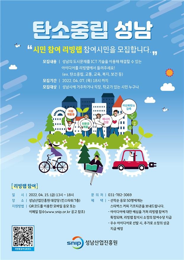 [성남=오왕석 기자] 성남산업진흥원은 '탄소중립 성남' 시민참여 리빙랩을 오는 4월15일에 개최할 예정이다.
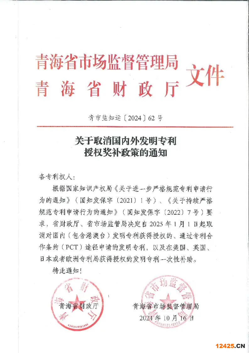 近日,青海省市場監(jiān)督管理局發(fā)布關于取消國內(nèi)外發(fā)明專利授權獎補政策的通知。其中提到,根據(jù)國家知識產(chǎn)僅局《關于進一步嚴格規(guī)范專利申請行為的通知》(國知發(fā)保字 〔2021〕 1號)、《關于持續(xù)嚴格規(guī)范專利申清行為的通如(國知發(fā)保字 〔2022〕 7號)要求,省財政廳、省市場監(jiān)管局決定自2025年1月1日起取消對國內(nèi)(包含港澳臺)發(fā)明專利獲得授權的、通過專利臺作條約(PCT)途徑申請的發(fā)明專利,以及在美國,英國日本或歐洲專利局獲得授權的發(fā)明專利一次性補助。
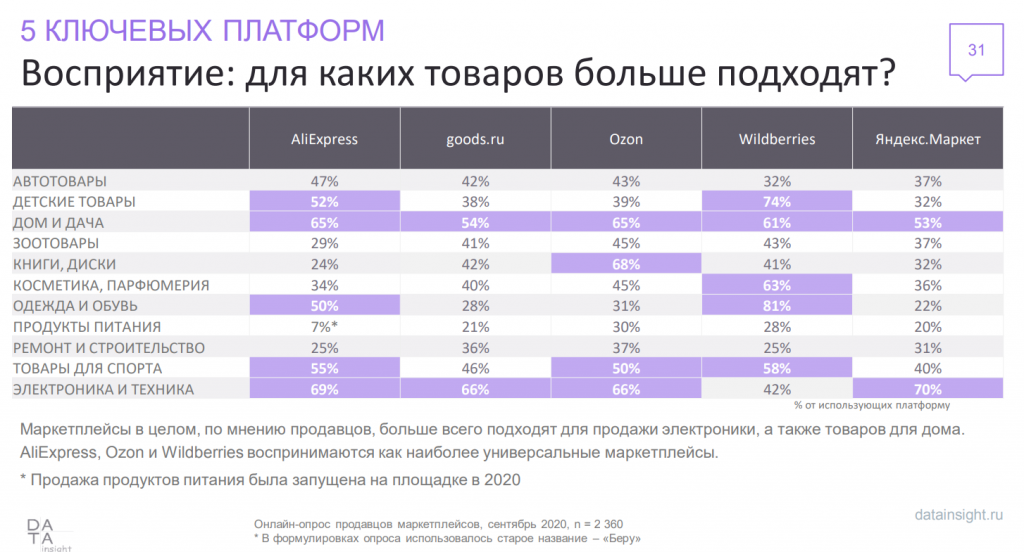 ● Электроника и техника: Яндекс.Маркет (70%), AliExpress (69%), goods.ru (66%), Ozon (66%)
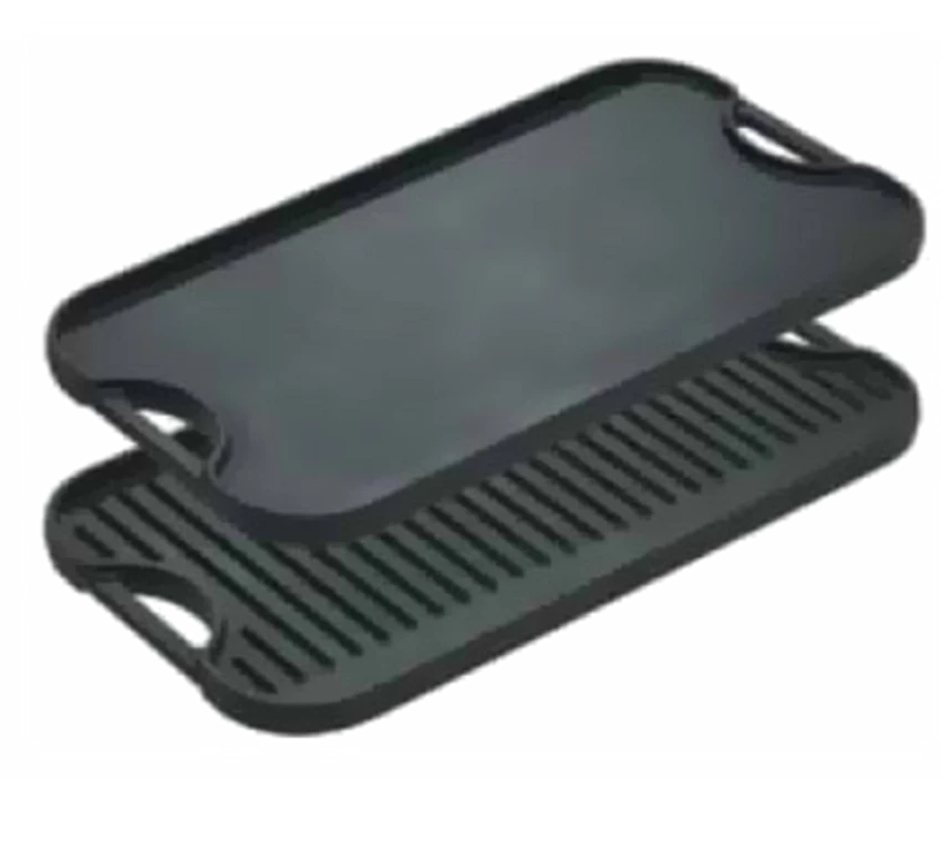 Pro-Grid Grill/Griddle, 20″ x 10-1/2″, rectangular, double burner, reversible, (1) smooth surface & (1) ribbed surface, with handles, raised edges, stove top/grill/campfire/oven safe, seasoned with oil, hand wash only, cast iron, Made in USA
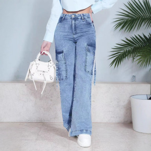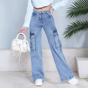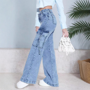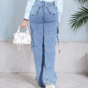 新款TUMA爆款女士休闲舒适大口袋工装牛仔裤时尚百搭
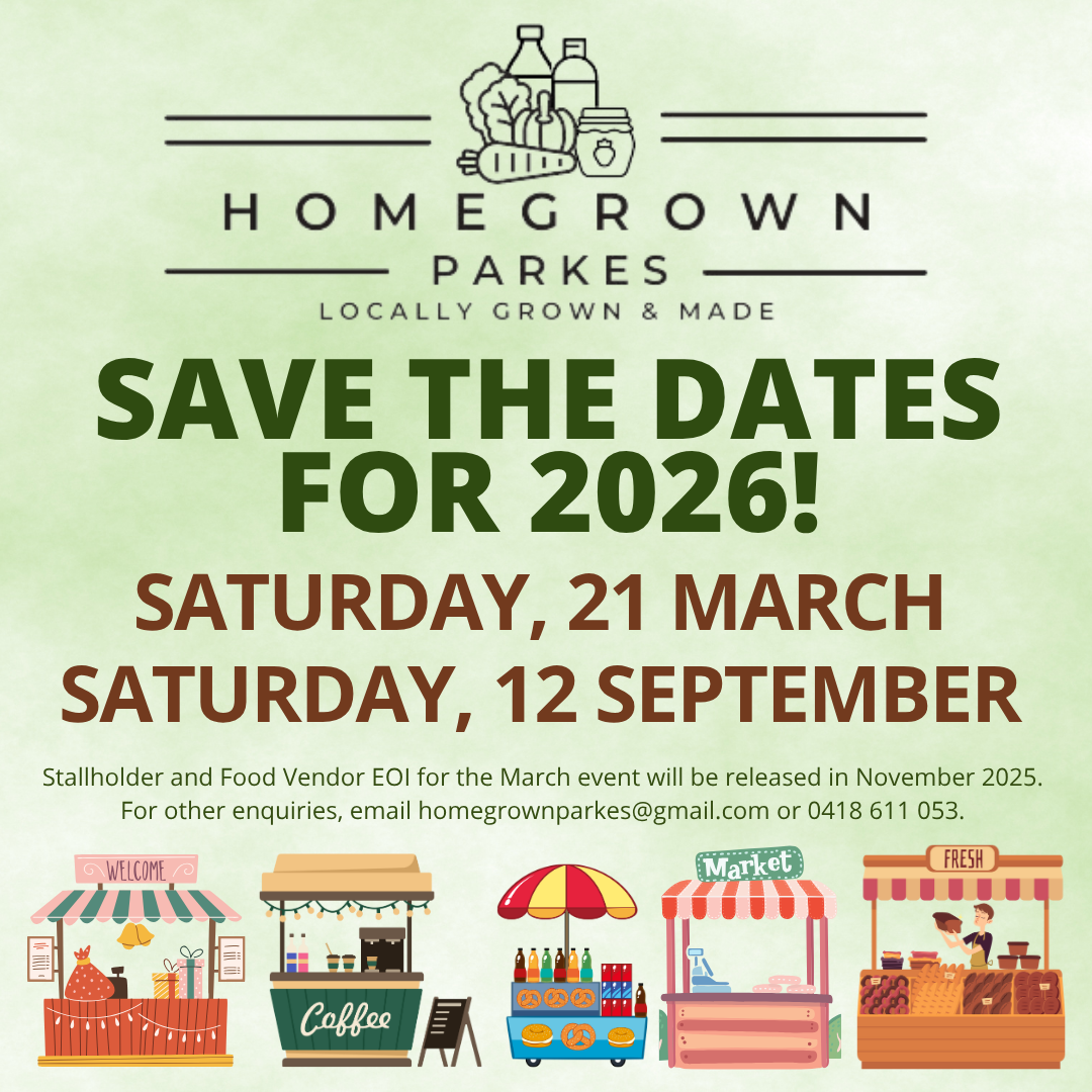 For further information, go to our Homegrown Parkes Facebook or Instagram page.
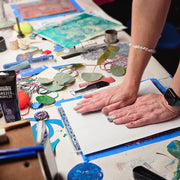 elements, stencils, found objects (aka junk), and layering to achieve interesting textures and designs on various types of paper, including vintage dictionary pages, maps, book pages, etc. The pieces you create can be used in collage, journaling, card making or matted and framed as a piece of art. We will be using Gelli, a well-known brand that creates (non-animal derived) gelatin-based plates and acrylic paint.
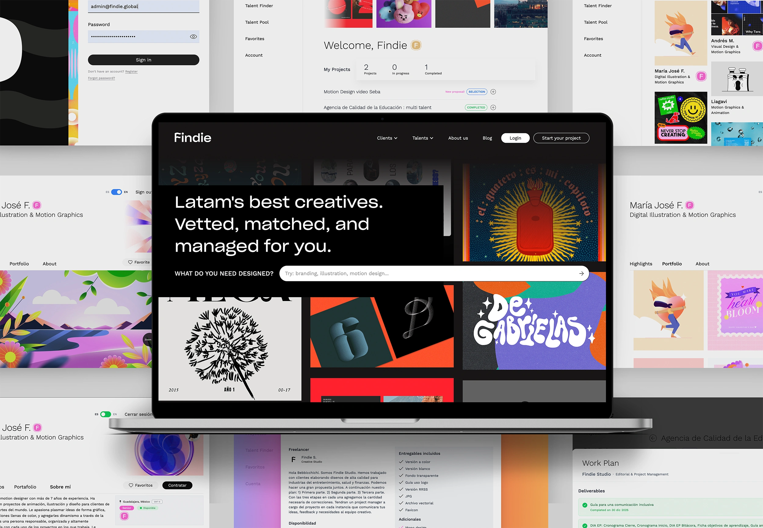 Findie Studio is the all in one creative service you hire when you want the work done without managing five different freelancers. We build your project with a curated team from Latin America, led by a Creative Account Manager who handles planning, quality control and delivery. Design, branding, web and content, all in one place, fast and consistent.
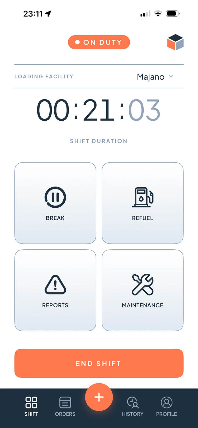 Drivers start and end shifts with a single tap. The app automatically records vehicle, facility, odometer reading and GPS position.
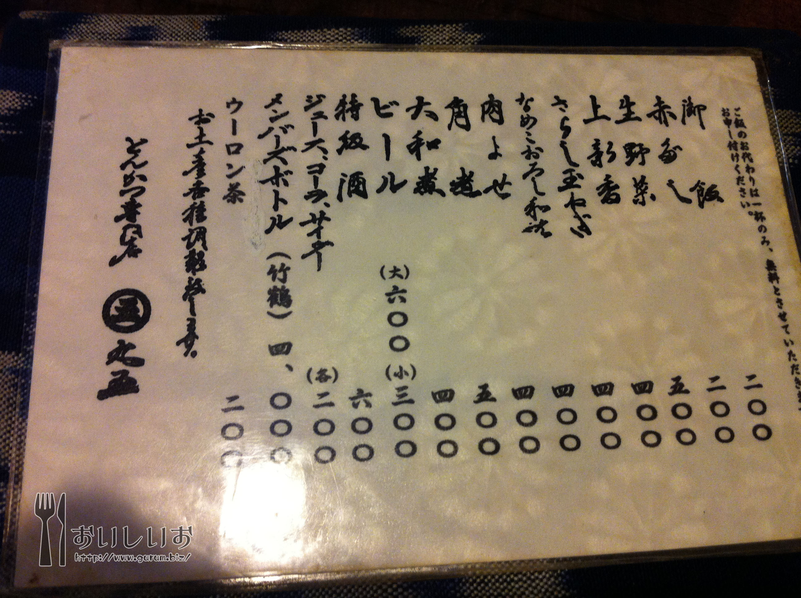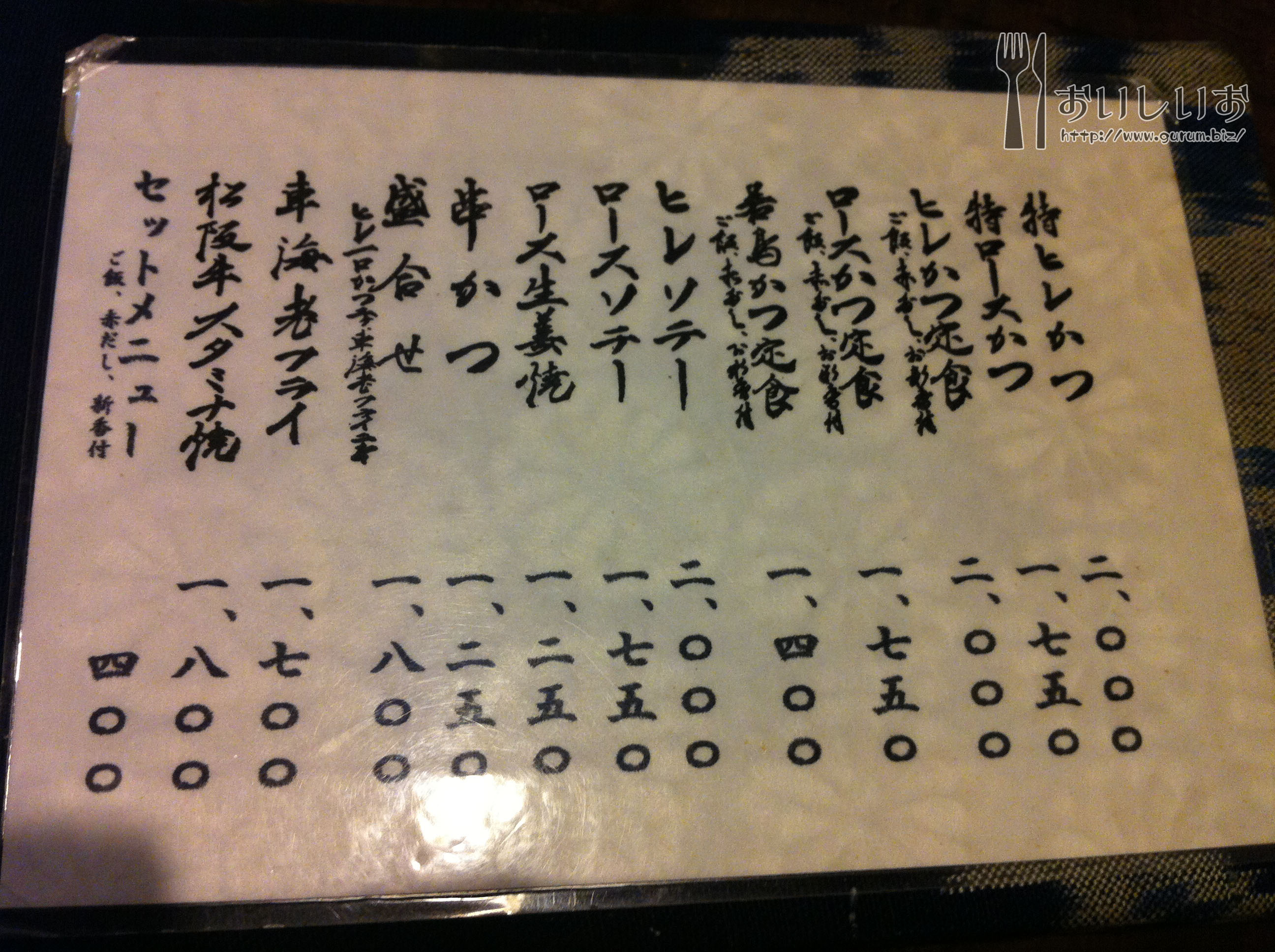 中に入ると2階のテーブル席へ案内されました。一階はカウンター席が主になっています。 メニューはこちら。全体的に高めな値段設定ですね~ 今日は特ロースかつ(1750円)と御飯(200円)にしました!
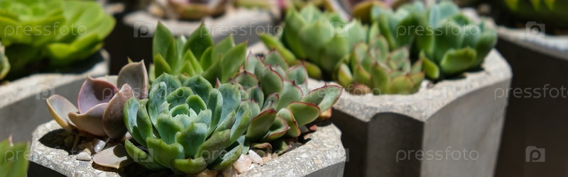 Суккуленты в бетонных горшках. Коллекция горшечных растений. Продажа растений, саженцев для дома
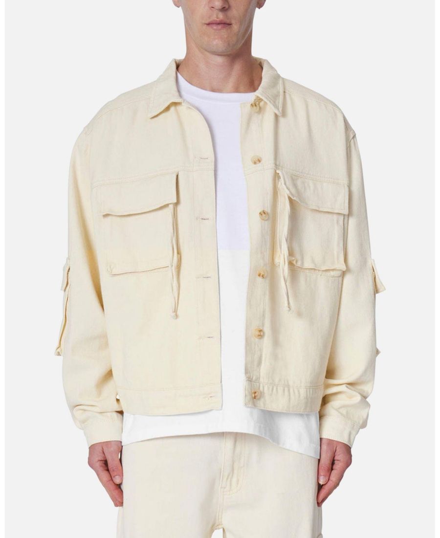 Подчеркните свой стиль с помощью куртки-карго из матовой саржи от mnml. Эта куртка изготовлена из смесовой хлопковой ткани, имеет кремовый базовый оттенок, вместительные накладные карманы вдоль корпуса и рукавов, эффектные застежки-молнии на карманах и пуговицы из искусственной черепаховой скорлупы.
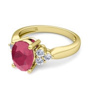 Three Stone Diamond and Ruby Engagement Ring in 18k Gold, 8x6mm
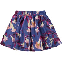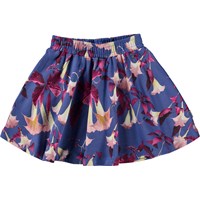 Blue skirt in an all over floral print. The print has a clear blue background and is made up of pink autumn leaves and night blooming Angel Trumpets, which blooms at night, not during the day like other flowers. In this print, the flowers are bathed in moonlight as they open their petals while the rest of us are sleeping. This skirt is in 100% cotton and is circular with an elastic waist, which makes it really comfortable. The skirt is short and in a regular fit.
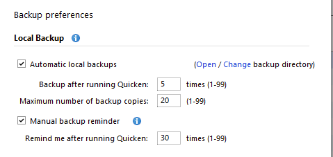 I have automatic local backups configured with the 'maximum number of backup copies' set to 20. Today I have 39 regular automatic backups and 6 backups that are created when the Quicken application is updated. So how is Quicken using my setting of 20? Is the setting ignored?
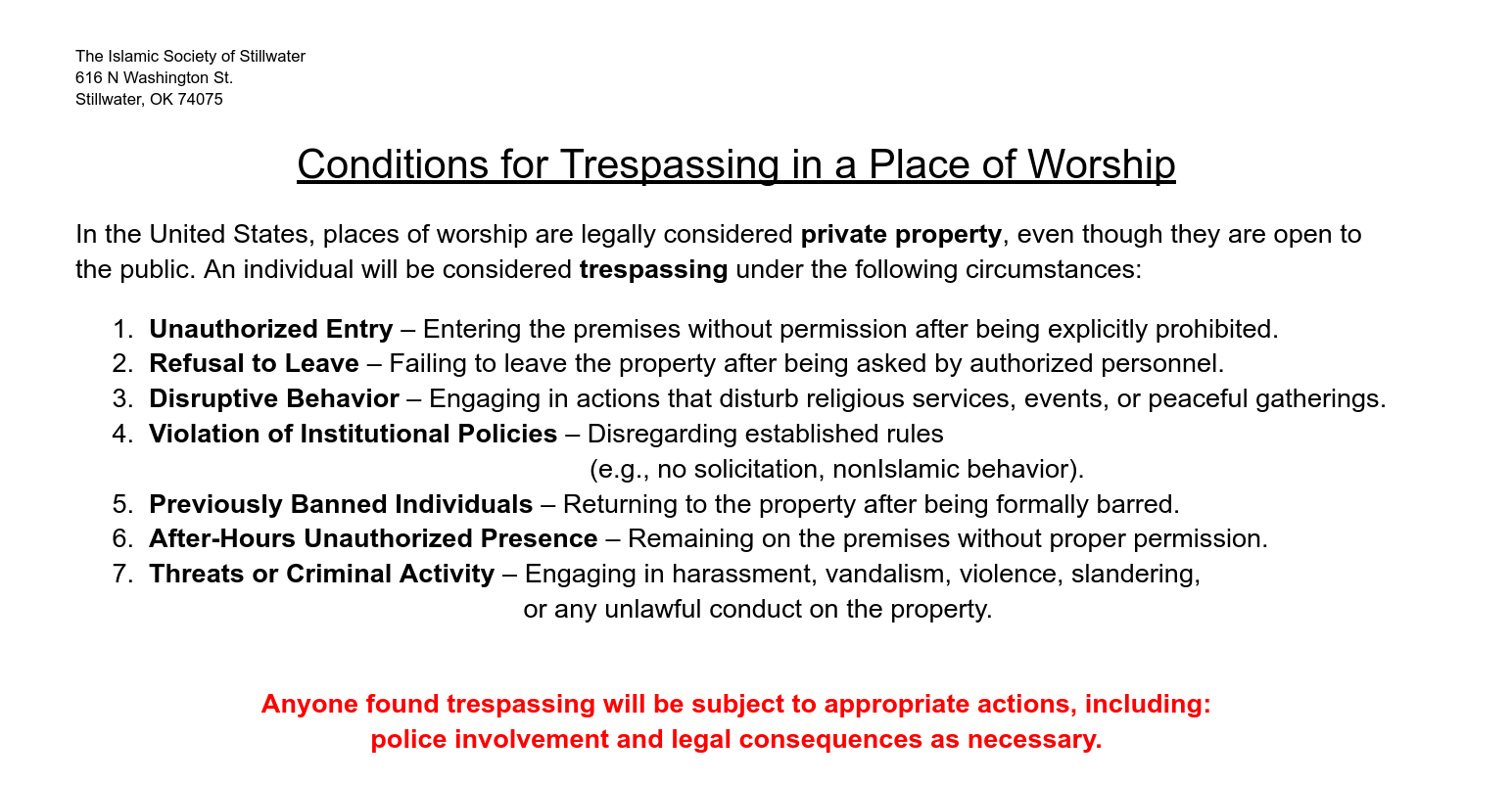 Subject: Authorization is required for all activities within the premises of the Islamic Center of Stillwater
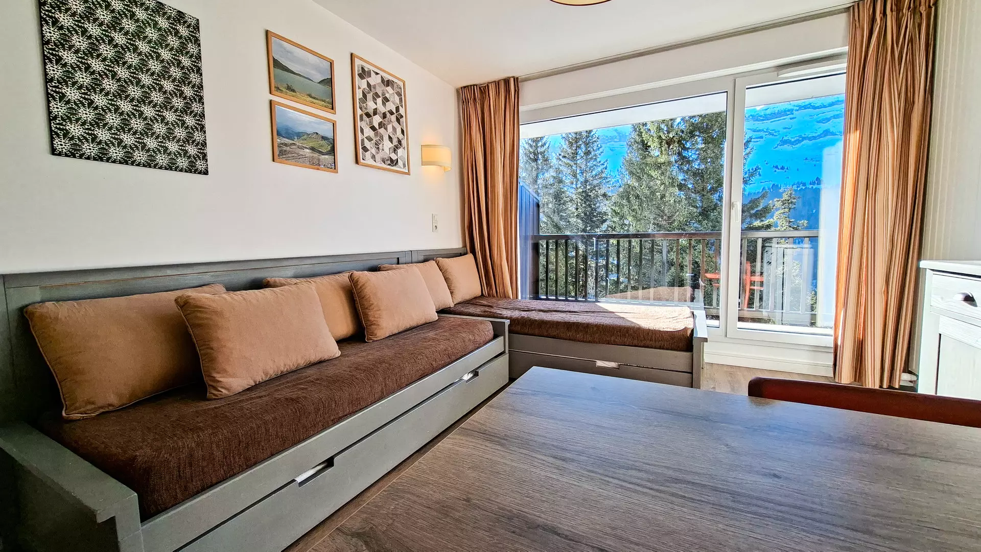 2 rooms South equipped for 4 people 32 m2 with large living room on the ground floor with south balcony not overlooked
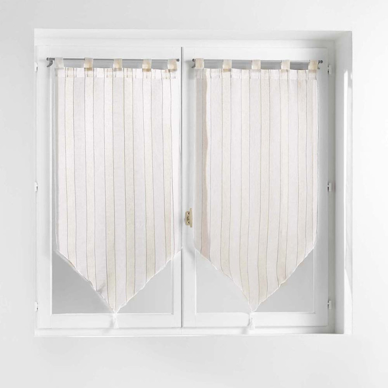 Vitrage voile à rayures 60x120cm écru. Idéal pour tamiser la lumière entrente. La tête du brise bise sont des passants à pattes.
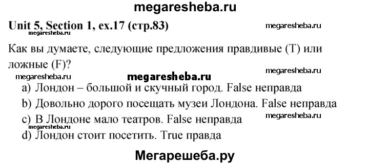 Подробный решебник (ГДЗ) по Английскому языку за 5‐6 (пятый‐шестой) класс - готовый ответ unit 5 1-3 section - 17. Авторы учебника: Биболетова, Денисенко, Трубанева. Издательство: Титул 2015.
○ ○ ○ ○ ○
◆ Directions for this task
Print nothing except the lines above from the one containing "Drivers start and" down to the one containing "Суккуленты в бетонных", both included, exactly as written and free of pictures.

◆ Exercise output
 Drivers start and end shifts with a single tap. The app automatically records vehicle, facility, odometer reading and GPS position.
 中に入ると2階のテーブル席へ案内されました。一階はカウンター席が主になっています。 メニューはこちら。全体的に高めな値段設定ですね~ 今日は特ロースかつ(1750円)と御飯(200円)にしました!
 Суккуленты в бетонных горшках. Коллекция горшечных растений. Продажа растений, саженцев для дома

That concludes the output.